• _RECORDS SHOWN_
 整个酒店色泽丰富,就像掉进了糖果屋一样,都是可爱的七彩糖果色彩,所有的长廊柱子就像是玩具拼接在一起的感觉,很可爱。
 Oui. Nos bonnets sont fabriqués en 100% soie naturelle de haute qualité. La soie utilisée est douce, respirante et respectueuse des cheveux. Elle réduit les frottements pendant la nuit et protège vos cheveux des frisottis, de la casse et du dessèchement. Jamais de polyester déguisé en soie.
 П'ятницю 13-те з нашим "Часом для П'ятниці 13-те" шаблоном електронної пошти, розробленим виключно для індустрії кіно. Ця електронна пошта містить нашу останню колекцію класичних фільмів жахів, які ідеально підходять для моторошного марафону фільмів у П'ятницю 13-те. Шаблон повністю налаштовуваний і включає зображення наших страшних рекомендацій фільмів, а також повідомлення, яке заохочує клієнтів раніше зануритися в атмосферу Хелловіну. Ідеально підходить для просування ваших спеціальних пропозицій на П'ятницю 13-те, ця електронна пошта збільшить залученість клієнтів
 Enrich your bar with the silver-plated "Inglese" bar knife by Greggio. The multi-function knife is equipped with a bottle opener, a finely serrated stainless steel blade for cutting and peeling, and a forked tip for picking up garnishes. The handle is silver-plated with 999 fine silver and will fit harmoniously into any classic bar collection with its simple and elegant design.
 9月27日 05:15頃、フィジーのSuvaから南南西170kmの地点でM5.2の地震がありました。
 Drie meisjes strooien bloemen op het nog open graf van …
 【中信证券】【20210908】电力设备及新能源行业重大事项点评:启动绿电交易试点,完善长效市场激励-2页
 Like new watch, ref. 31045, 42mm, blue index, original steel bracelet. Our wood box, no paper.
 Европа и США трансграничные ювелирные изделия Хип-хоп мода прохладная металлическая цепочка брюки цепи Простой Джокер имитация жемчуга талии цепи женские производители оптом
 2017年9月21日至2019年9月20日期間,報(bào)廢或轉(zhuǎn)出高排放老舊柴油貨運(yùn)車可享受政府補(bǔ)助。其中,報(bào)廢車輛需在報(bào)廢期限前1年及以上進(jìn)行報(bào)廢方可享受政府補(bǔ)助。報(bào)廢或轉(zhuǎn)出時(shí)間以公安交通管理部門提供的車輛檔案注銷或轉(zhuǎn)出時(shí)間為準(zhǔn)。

• _EXERCISE INSTRUCTIONS_
Could you copy out every line in the listing where the word "steel" appears?

• _REPLY TO THE EXERCISE_
 Enrich your bar with the silver-plated "Inglese" bar knife by Greggio. The multi-function knife is equipped with a bottle opener, a finely serrated stainless steel blade for cutting and peeling, and a forked tip for picking up garnishes. The handle is silver-plated with 999 fine silver and will fit harmoniously into any classic bar collection with its simple and elegant design.
 Like new watch, ref. 31045, 42mm, blue index, original steel bracelet. Our wood box, no paper.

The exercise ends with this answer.